Obviously, the main advantages are that object storage (or pointer storage for 
reference types) is on the stack and that the shape (i.e. the number of extents 
and range for each extent) is fixed at compile time.  This type of, well, type 
can be used when the baggage of length changing isn’t needed  Such arrays are 
also a classic type since we started system-programming languages.  (I was 
surprised by their absence in Swift when I first read the books.)  They can be 
mapped to a vector processing unit’s built-ins.

This:

> struct ArrayOf5<T> {
> 
>     let count = 5
> 
>     var first: T
>     var second: T
>     var third: T
>     var fourth: T
>     var fifth: T
> 
>     init(array: [T]) {
>         first = array[0]
>         second = array[1]
>         third = array[2]
>         fourth = array[3]
>         fifth = array[4]
>     }
> 
>     subscript(index: Int) -> T {
>         get {
>             var preResult: T?
>             switch index {
>             case 0:
>                 preResult = first
>             case 1:
>                 preResult = second
>             case 2:
>                 preResult = third
>             case 3:
>                 preResult = fourth
>             case 4:
>                 preResult = fifth
>             default:
>                 preResult = nil
>             }
>             return preResult!
>         }
> 
>         set {
>             func doAssign(destination: UnsafeMutablePointer<T>) {
>                 destination.memory = newValue
>             }
> 
>             switch index {
>             case 0:
>                 doAssign(&first)
>             case 1:
>                 doAssign(&second)
>             case 2:
>                 doAssign(&third)
>             case 3:
>                 doAssign(&fourth)
>             case 4:
>                 doAssign(&fifth)
>             default:
>                 doAssign(nil)
>             }
>         }
>     }
> 
> }


shouldn’t be better supported than directly having built-in fixed-sized arrays. 
 (I’ve wondered if we should have a library or built-in arrays.  I’ve decided 
that even if we add a library, we still need the built-in.)  Although I 
parametrized the type, altering the shape (right now 1 dimension of 5 elements) 
doesn’t scale since it requires lexical change.  Internally, a built-in array 
type would be something like this, modulo optimizations and not having to come 
up with names for each element.

—————

[The following sections are my ideas about implementation; we don’t have to use 
them.]

What should array type expressions look like in code?
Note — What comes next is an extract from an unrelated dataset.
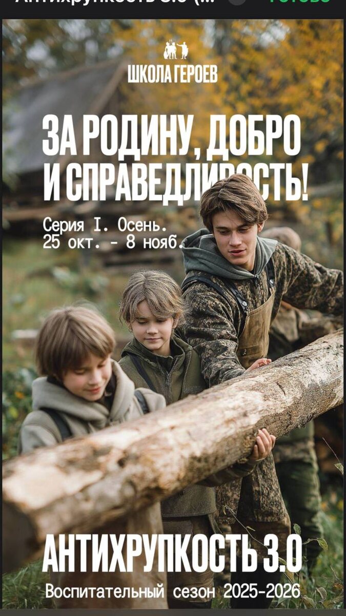 «Антихрупкость 3.0» — осенняя серия для ваших сыновей. Говорю ответственно, ведь мои дети также участвуют в программе воспитания Школы Героев. 📅 С 25 октября по 8 ноября стартует новая серия программы «Антихрупкость 3.0». Каждый родитель мечтает видеть сына сильным, собранным и уверенным. Наша программа помогает мальчишкам пройти этот путь шаг за шагом: учиться дисциплине, ответственности и командной работе. В основе — великие образы нашей истории: ⚔️ Куликовская битва 🤝 Народное ополчение 🛡 Битва за Москву Через них ребята открывают для себя: что значит верность общему делу, как преодолевать трудности, как находить опору в команде и уважении к своим корням. ✨ «Антихрупкость 3.0» — это не разовое событие, а целая система воспитания: осень, зима, весна и лето соединены в единый путь взросления. Каждый сезон несёт свои испытания и открытия, формируя в мальчике характер, стойкость и внутреннюю силу. 👦 Пусть ваш сын почувствует себя настоящим сыном своей земли и пройдёт этот
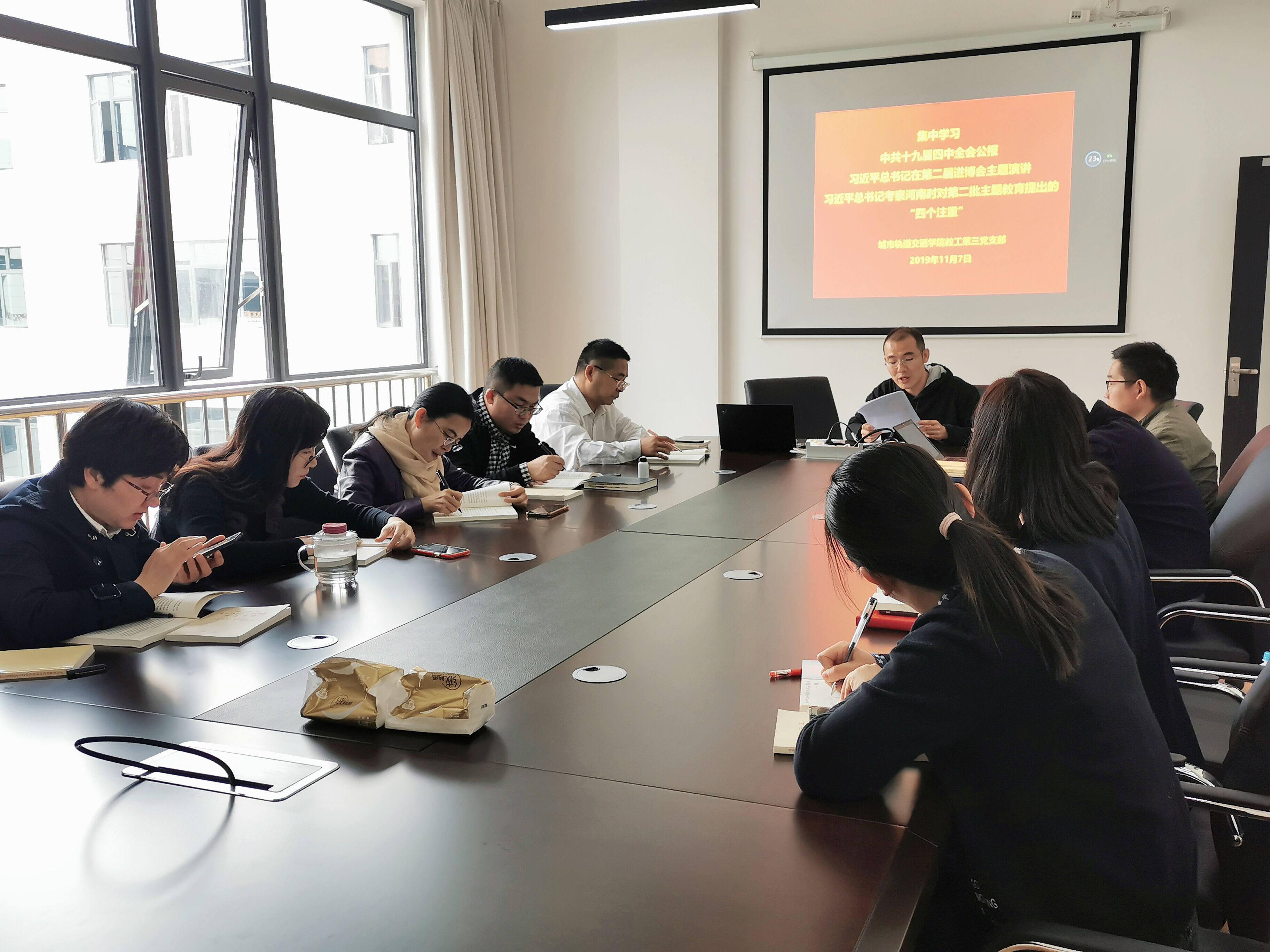 11月7日中午,3044永利集团教工第三党支部在公司8A534会议室举行党员大会集中学习中共十九届四中全会公报、习近平总书记在中国第二届进博会上的主旨演讲、习近平总书记在9月16日至18日考察河南时对第二批主题教育提出的“四个注重”等三份文件材料的集中学习,由支部书记主持。

Since generics (currently) only use type-based parameters, we can’t do 
something C++-ish like “array<T, 1, 4, 3>”.  I did have a thought of “[MyType; 
5]”, but that seemed too close to current arrays.  I was shocked to discover 
that Rust uses that syntax.  However, it’s still to bad to use now because 
‘[MyType]” would mean something different that it does currently 
(zero-dimensional array of a single unit instead of one-dimensional array of 
arbitrary number of elements).

Since arrays are product types (I think), let’s use multiplication syntax:

> var myArray: MyType * [6]  // This is an array of six elements, each of 
> `MyType`
> var myArray2: MyType * [6] * [5]  // This is an array of five elements, each 
> a six-element array of `MyType`
> var myArray3: MyType * [3, 4]  // This is an array of three-by-four, each 
> element of `MyType`

The “[ SHAPE ]” syntax affects the type expression to its left.  An empty list 
is not allowed since, although array-literal syntax allows empty lists, the 
subscript operation does not.  Note, to keep the syntax regular, the first 
subscript when using “myArray2” is for five elements, i.e. “0..<5”, and the 
second (if any) is for six, the reverse lexical order of declaration.  This is 
because we don’t have C’s cute “declaration equals usage” type syntax.  Also 
note that “myArray3” requires a single subscript call with two coordinates in 
it to dereference.  Supplying only one coordinate is nonsensical.  (“myArray2” 
is the other way when you want to dereference a “MyType” value.)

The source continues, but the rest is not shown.